The investment analysis is an issue unto itself, but a recent event tells us something about vulnerabilities. Really big capacities suggest a smaller number of potential customers, and a smaller customer base suggests bigger risks. A big West coast service center – Service Steel in Oregon, a 300,000 sq. ft. operation — just got caught on the horns of that dilemma. Around 125 of their machines and 5 million pounds of steel and other metals will go on the auction block starting on March 17th and 18th. Service Steel, a big supplier to shipbuilders and big-equipment handlers, will be no more.
Service Steel emphasized value-added operations, machining as well as cutting and fabricating, and they had recently invested in new and very large machines. At auction prices, the investment equation changes for a company that may want to extend their own operation.

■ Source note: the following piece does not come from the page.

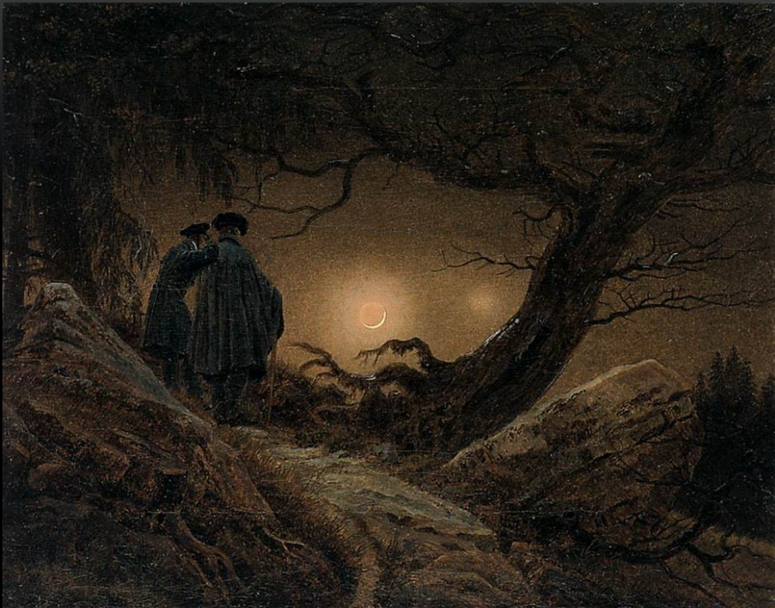
КАСПАР ФРИДРИХ ДВОЕ СОЗЕРЦАЮЩИЕ ЛУНУ

“We’re going to have a lot of other service centers involved in the bidding, says Tim Murphy of auctioneer James G. Murphy Co., “but there will be some fabricators in there, too.” Murphy points out that some of the lines between service centers and fabricators are blurring as former service centers engage in more value-added operations.
This Haas SL 20T turning center, a medium-capacity machine, could be a good buy for a fab shop that wants to expand into machining.
If you need something big, there is a lot of temptation in the lineup of new machines Murphy will be auctioning (see link to Murphy’s auction at the end of this article). There are big flame, plasma, and laser cutters, with cutting capacities ranging up to 12 ft. x 70 ft., including Kinetic 4000 monsters; 25 overhead cranes; many medium-capacity fabricating machines; and new chip-making machine tools, oriented toward fabricating-related work. Some could be just the thing for extending a fab shop’s entry into machining operations.
As tempting as it may be for smaller fabricators to get a deal, however, the bulk of the buyers are coming from service centers, who are already geared to the investment to handle work their customers can’t handle. Murphy says they’re coming in from the East coast and the Midwest, and there may be some from Europe, so the interest runs high. For the fabricators who won’t be expanding into that kind of equipment, the prospect is for the trend to continue – service centers will be handling more value-added operations as you need them.
One service center owner we talked to made a point of the fact that he has to tread a fine line: provide service to his customers, without competing with his other customers. He sticks to big work that they can’t handle themselves.
But that line may be breaking down, as Larry Adams’ article explains. Other service centers are offering a wide variety of plate-cutting, drilling, and bending services that may overlap with what their customers do. Their job is to avoid competing, while offering their customers an expanded array of services. This has become the norm in many segments of metalworking manufacturing, in which jobbers of all types are evaluating whether it’s smarter to have a vendor handle some job they could do themselves. It’s dollars and cents, rather than keeping everything to oneself.
Still, that big machine would fit nicely on the other end of the shop…
A Kinetic 4000 plate cutter, with huge capacity, is among the new machines that will be auctioned from Service Steel’s lineup.